For those dealing with stress in the 21st century, some look to exercise, diet, religion, family, and friends to help unwind.
But what about coloring?
Currently on Amazon’s Top 100 book list are two tomes that fall under a surprising genre: adult coloring books. The artist who created both, Johanna Basford, said she first pitched the idea to her publishers before coloring as an adult was a trend. Her first book, “Secret Garden: An Inky Treasure Hunt and Coloring Book,” was published in 2013, has already sold 1.4 million copies, and is currently No. 2 on Amazon's Top 100 book list. Its sequel, “Enchanted Forest: An Inky Quest and Coloring Book,” is also a success, and she is currently working on a third.
Gizmodo.com asked Ms. Basford why she thinks adult coloring books are successful. She gave three reasons: coloring provides a creative outlet, it allows you to zone out, and it brings you back to a place of simplicity.
“A blank sheet of paper or an empty canvas can be daunting, but a coloring book acts as a bit of a buffer in this situation,” she told Gizmodo. “Chances are the last time you spent some time coloring you didn't have a mortgage, a horrible boss, or a worries about climate change.”
So is there truth to this? Psychologists have found that coloring does indeed have positive effects on participants’ mental health. In the early 20th century, psychologist Carl Jung experimented with the effects of coloring. He used mandalas, circular designs with concentric shapes that originated in India and are often used in meditation.

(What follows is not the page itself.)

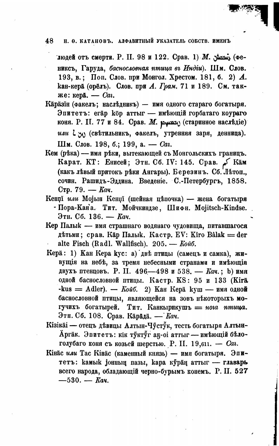 48 Н. е. КАТАНОВЪ. АЛФАВИТНЫЙ УКАЗАТЕЛЬ СОБСТВ. ИМЕНЬ
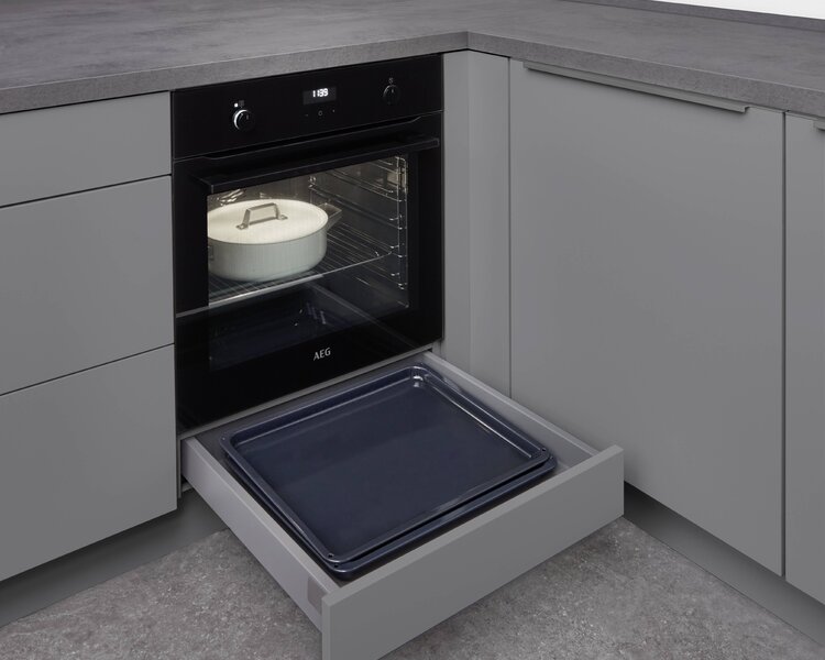 Ein Schubkasten unter dem Herd verstaut sperrige Backbleche perfekt. Zusätzlich bietet dieser Schubkasten Platz für andere wichtige Küchenutensilien, wie zum Beispiel Backformen oder Gitterroste.

Today, coloring hits on another trend known as mindfulness, the act of being aware or conscious of what is going on around oneself. Psychologies magazine discusses author Mark Robert Waldman’s insight into mindfulness, and how active meditation allows individuals to focus on a simple, repetitive task.
“Concentrating this way replaces negative thoughts and creates a state of peace, and many people who have a difficult time with concentrative meditation can find this easier. This gentle activity where you choose the colors to create your picture and the repetitive action of coloring it in focuses the brain on the present, blocking out any intrusive thoughts,” the article explains.
Studies have also found a positive link between creativity and productivity in adults. A study at San Francisco State University found that those who partake in creative activities outside of work are better at dealing with stress than those who do not. The study also found that work performance improves.
“I recommend it as a relaxation technique,” psychologist Antoni Martínez told The Huffington Post. “We can use it to enter into a more creative, freer state ... I recommend it in a quiet environment, even with chill music. Let the color and the lines flow.”